What is the Hydrologic Cycle? 3 Steps of the Water Cycle

Hydrological Cycle

The hydrologic cycle describes how water moves continuously in nature. From reservoirs, to the air and back on land, water is always in motion.

The hydrologic cycle has three main stages:

  1. Evaporation
  2. Condensation
  3. Surface runoff

It’s because water has 3 phases – a liquid, solid and vapor. But how much water falls back into oceans or into streams? And how long does it take to circulate from different pathways?

Today, we give you a gentle introduction to the water cycle. Let’s go through the 3 steps of the hydrologic cycle starting with evaporation.

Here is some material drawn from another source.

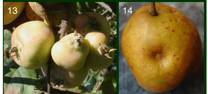
Frutos deformados por picadas de 13 afídeos e de 14 antocórídeos no cedo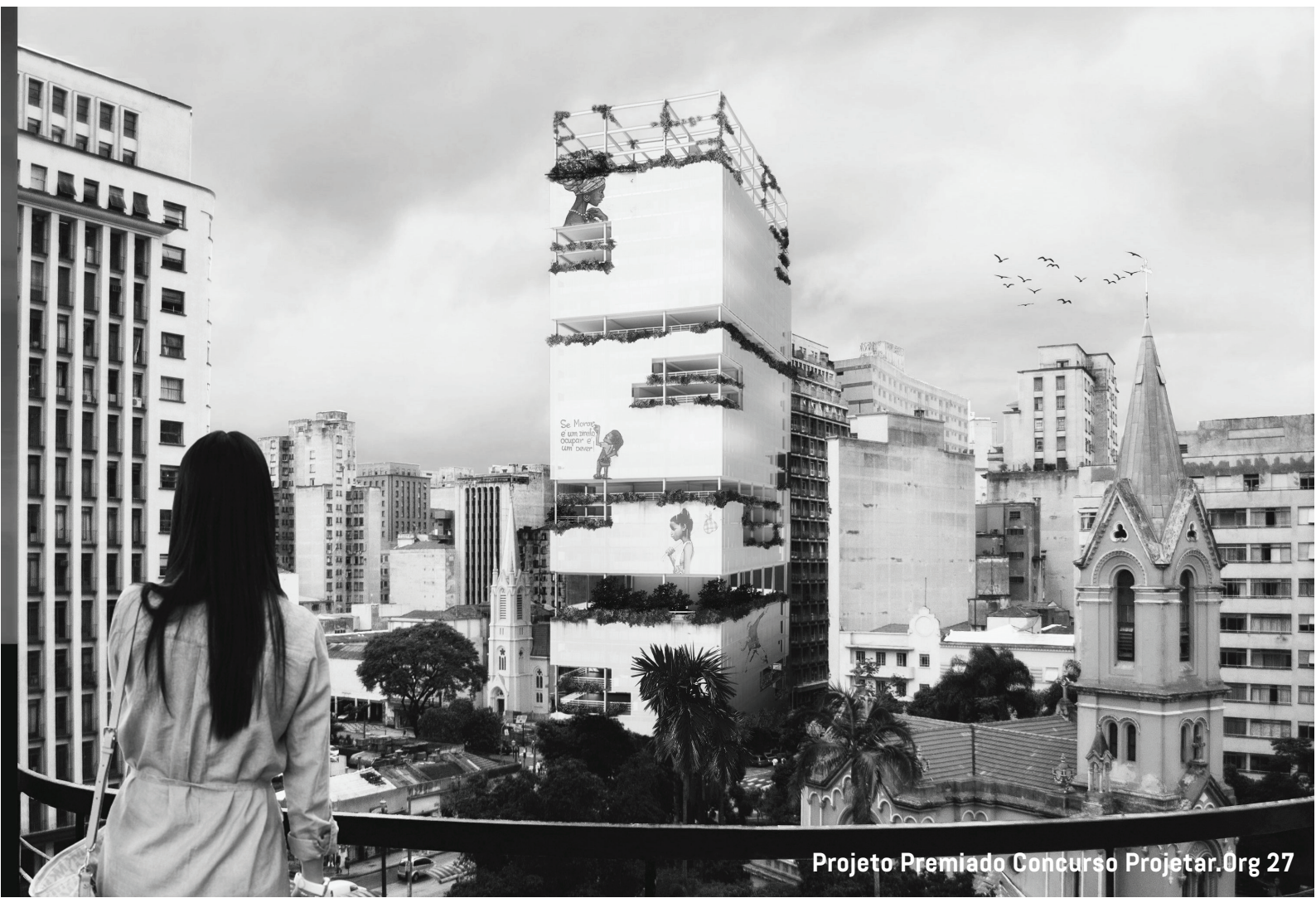
Projeto Premiado Concurso Projetar.Org 27

1. The sun evaporates surface water into vapor

Sun Solar Winds

Energy from the sun and interior powers the hydrologic cycle. Solar radiation that reaches Earth triggers the start of the hydrologic cycle by evaporating water. The most evaporation happens at the equator because it has the most sunlight.

EVAPORATION: Water in its liquid state forms weak bonds with other atoms. With enough energy from the sun, it breaks these loose bonds. It isolates an individual molecule which flies off the surface and evaporates into the air.

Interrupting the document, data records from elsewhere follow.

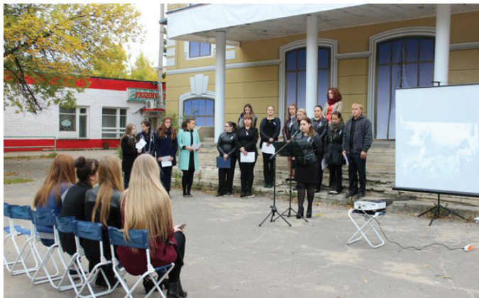
В знак памяти участники акции запустили в небо воздушные шары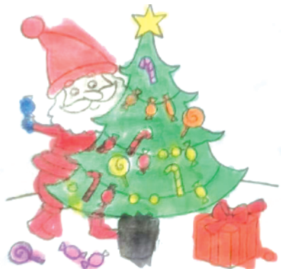
小记者：苑语桐 证号：210546 周口李庄小学二（5）班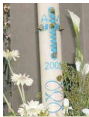
Cierge commémoratif avec les poissons d'Alboraya-Almácer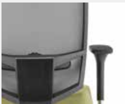
KGS Schwarz (RAL 9011) Black (RAL 9011)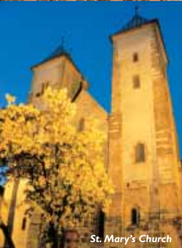
St. Mary's Church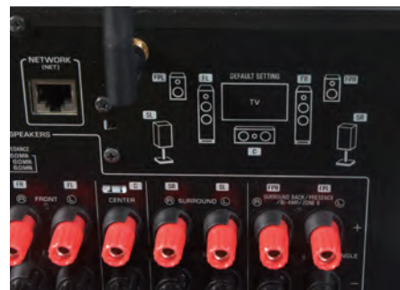
新手玩家有福了,背部面板上直接给出了音频接口与音箱的连接图示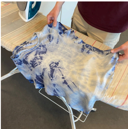
SHIBORI - JAPAN

Im Textillehreunterricht der Sek I wird kreativ gestaltet, genäht, gedruckt und experimentiert – von klassischen Techniken bis zu modernen Designmethoden.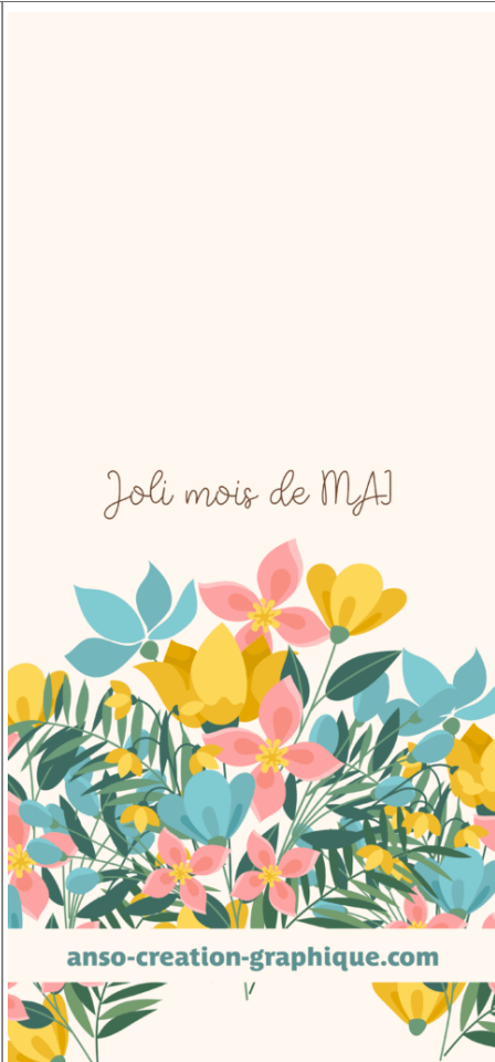
Fond Ecran -2-

Most water (90%) that evaporates at the equator falls back into our 5 oceans. Only 10% of water falls on land because it takes a tremendous amount of energy to turn a liquid into a gas.

That’s good or all the oceans would evaporate away too rapidly. Oceans lose a small amount to supply water to the atmosphere. Heat from sun drives convection carrying water vapor over land.

2. Water vapor condenses and precipitates

The next stage is condensation which could be in the form of rainfall or snowfall. Water precipitates back into the ocean, streams, glaciers or as groundwater.

Sun drives thermal convection in the atmosphere, or water vapor wouldn’t go anywhere. Then, convection carries water vapor to land where it precipitates as rain or snow.

Condensation is the process of forming tiny water droplets. It starts by surrounding a particle if dust or salt. Eventually, they become too heavy and falls as precipitation.

  • OCEAN PRECIPITATION: 90% of water falls back into the oceans.
  • LAND PRECIPITATION: From the 10% that falls on land, the majority of water returns back into the atmosphere as evaporation. But some water flows on the surface into the a watershed or basin as runoff.

3. Water runs off the surface into streams and reservoirs

Water Cycle Evaporation Precipitation

At this point, water collects into reservoirs. For example, these are all potential reservoirs for water:

  • Glaciers
  • Lakes
  • Oceans
  • Streams
  • Atmosphere
  • Biosphere
  • Groundwater

From all the water that exists, 2.15% is glaciers mostly in Greenland and Antarctica. Groundwater makes up about 0.65% of water and freshwater lakes are only 0.009%.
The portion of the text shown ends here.